Pulitzer Prize winning journalist and author Carl Bernstein

Pulitzer Prize winning journalist and author Carl Bernstein will join the faculty at Stony Brook University as visiting presidential professor. Credit: handout

Journalist Carl Bernstein of Watergate fame will tackle a two-year project -- Stony Brook University, where he'll take on students who weren't even born when he exposed scandals, including the one that brought down a U.S. president.

Starting next month, the 1973 Pulitzer Prize winner and author will co-teach a course titled "Press and the Presidency," guest lecture on news literacy and speak in a series of free, public lectures. "I love speaking to young people," Bernstein said.

At the age of 69, Bernstein said in a brief interview that he wants to share personal experiences on issues he's passionate about, especially on the times that shaped the nation.

His courses will have seats reserved for students in other majors. Bernstein said this interdisciplinary approach attracted him to Stony Brook, which he lauded for "breaking the traditional academic mold."

"I've known for a while that I want to do more teaching, but I was determined not to be pigeonholed in a single academic department or discipline," Bernstein said in a news release.

"The idea was to develop an interdisciplinary agenda, focused on the history and politics and culture of America and its place in the world, from the 1950s to the present."

The professor-to-be will help raise money for the school.

Stony Brook University's president, Dr.
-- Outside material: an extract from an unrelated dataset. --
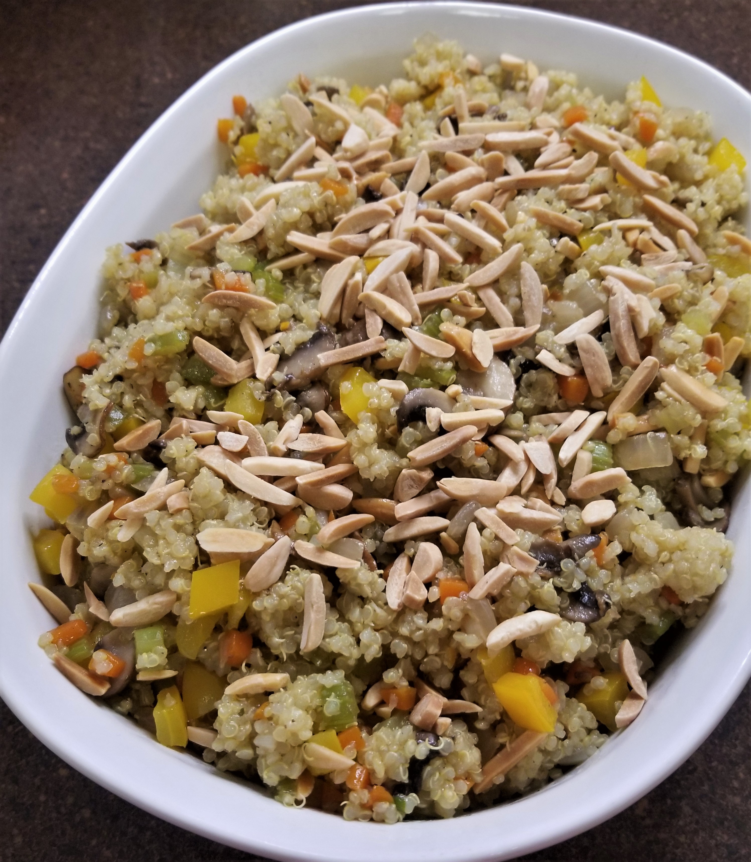 Add the quinoa to the vegetables and mix through. If your pan isn’t large enough, you can transfer everything to a large bowl and mix together. Add 1/2 cup of the toasted almonds and stir through. Transfer to a serving dish and sprinkle the remaining 1/4 cup of almonds on top.

Samuel L. Stanley Jr., called Bernstein an "American icon."

"Coupled with his perspective as a great historian," Stanley said, "he brings to bear an incisive view of what is happening in the world today."

Bernstein, who lives in Manhattan and the Hamptons, never graduated from college, having dropped out from the University of Maryland.

But he was taught by the big stories of the day; a World War II baby who lived through the civil rights and Vietnam eras.

He and Bob Woodward were Washington Post reporters in 1972 when they exposed the Watergate office break-ins tied to President Richard M. Nixon, who resigned to avoid impeachment.

Since then, Bernstein has written about other abuses of power and about high-profile figures.